Incorrect Receptor Placement of Premolar Bite-Wing

The receptor may occur with digital sensors or film, and the bite-wing technique may occur when a beam alignment device or bite-tab is used. It will appear as if the distal surfaces of the canines are not visible on the image. The cause of this is the bite-wing receptor was positioned too far posteriorly in the mouth, which can be corrected by making sure the anterior edge of the bite-wing receptor is positioned at the midline of the mandibular canine. When using a digital sensor, capturing the distal surfaces of the canines during bite-wing exposure can be challenging.
Here is an image of incorrect receptor placement for the premolar bite-wing.
A dental radiograph showing incorrect receptor placement for the premolar bite-wing, resulting in unclear and overlapping images of the premolar teeth.
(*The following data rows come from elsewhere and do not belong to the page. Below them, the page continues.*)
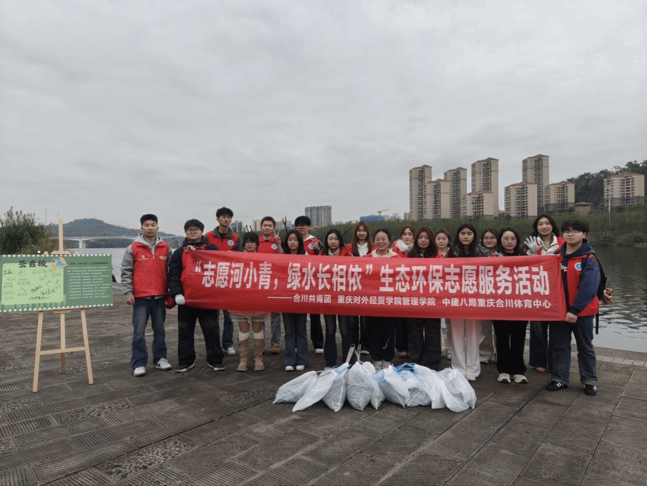 为深入学习贯彻习近平生态文明思想,引导青年群体树立生态环保意识,学院于3月19日在合川赵家渡水生态公园开展“志愿河小青 绿水长相依”志愿服务活动,以实际行动守护绿水青山。此活动由合川共青团主办,中建八局重庆合川体育中心、重庆对外经贸学院管理学院团总支委员会承办。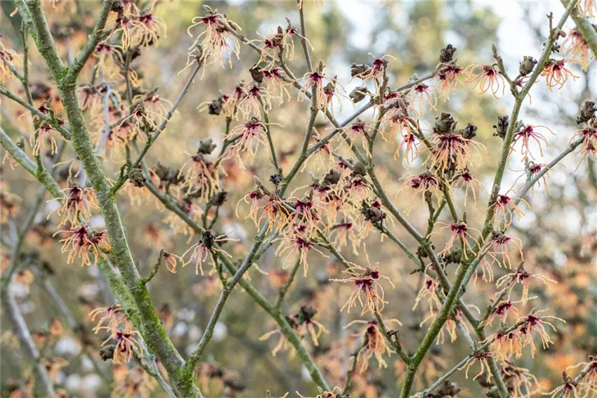 Die Zaubernuss ist, geschickt ins Gartenkonzept integriert, ein echter Hingucker. Kein Wunder, denn die besonderen Blüten bringen Farbe in den Winter. Wenn der meist trist und grau ist, kommen die farbenfrohen Blüten ins Spiel, die dem Winter eine ganz andere Stimmung verleihen. Fast ein bisschen magisch, wer hätte es gedacht.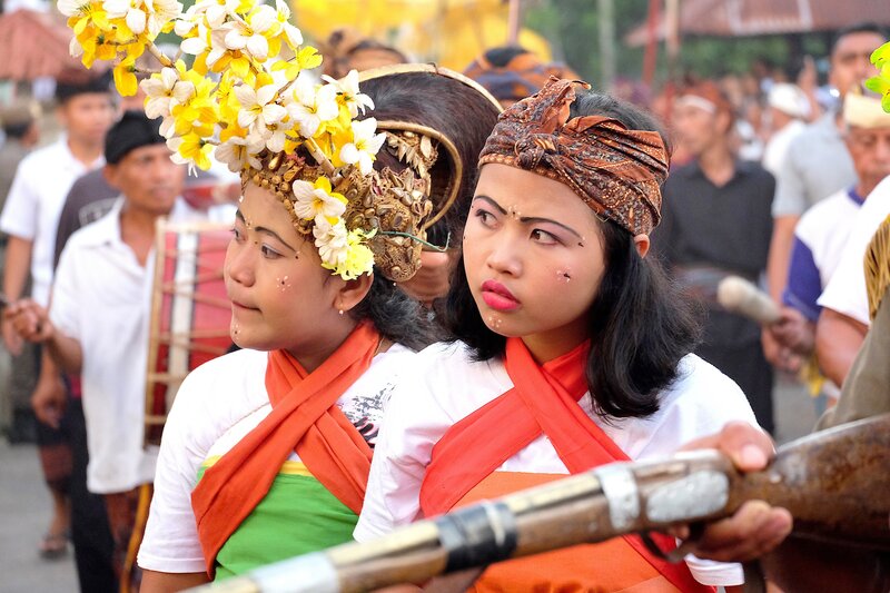Gemeinsame Prozession von Hinduisten und Muslimen beim jährlichen Lingsar Festival.Bild: © 3sat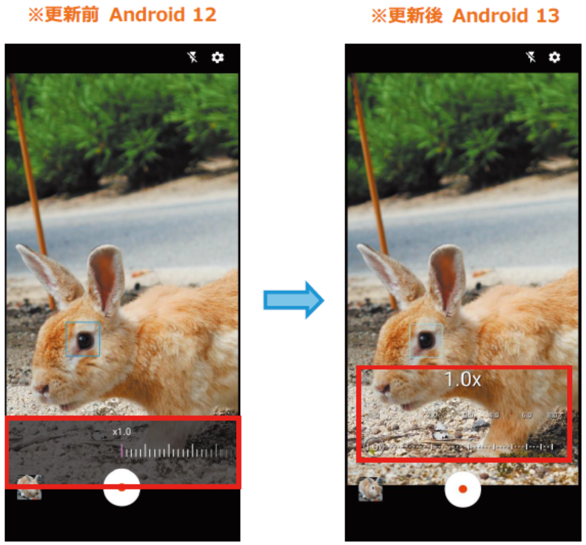 ○ 「カメラ」アプリ変更:ズーム操作(1) [図4]

Incorrect Placement of Molar Bite-Wing

The receptor may occur with digital sensors or film, with the bite-wing technique may occur when a beam alignment device or bite-tab is used. The third molar regions are not visible on the image. The molar bite-wing must be centered over the mandibular second molar, and to ensure accuracy, the front edge of the receptor needs to be aligned with the midline of the mandibular second molar. The cause of incorrect placement is the bite-wing receptor was positioned too far anteriorly in the mouth and to correct this, the anterior edge of the bite-wing receptor is positioned at the midline of the mandibular second premolar. 

Angulation Problems

A dental radiographer must be prepared to choose the correct horizontal and vertical angulations. Incorrect horizontal angulation results in overlapped interproximal contacts, and incorrect vertical angulation results in distorted images

Overlapped Contacts: Incorrect Horizontal Angulation

For incorrect horizontal angulation for overlapped contacts, the receptor may occur with digital sensors or film. The bite-wing technique may occur when a beam alignment device or bite-tab is used. Overlapped contacts will appear on the image because the central ray was not directed through the interproximal spaces. This can be corrected by directing the x-ray beam through the interproximal spaces. If the overlapping is more pronounced in the posterior half of the image, the PID was pointed too much from the mesial toward the distal. Proper use of a Rinn XCP bite-wing instrument minimizes errors in horizontal angulation.
The image below displays overlapped interproximal contacts resulting from incorrect horizontal angulation.
A dental radiograph showing incorrect horizontal angulation, resulting in overlapped interproximal contacts and obscured details between the teeth.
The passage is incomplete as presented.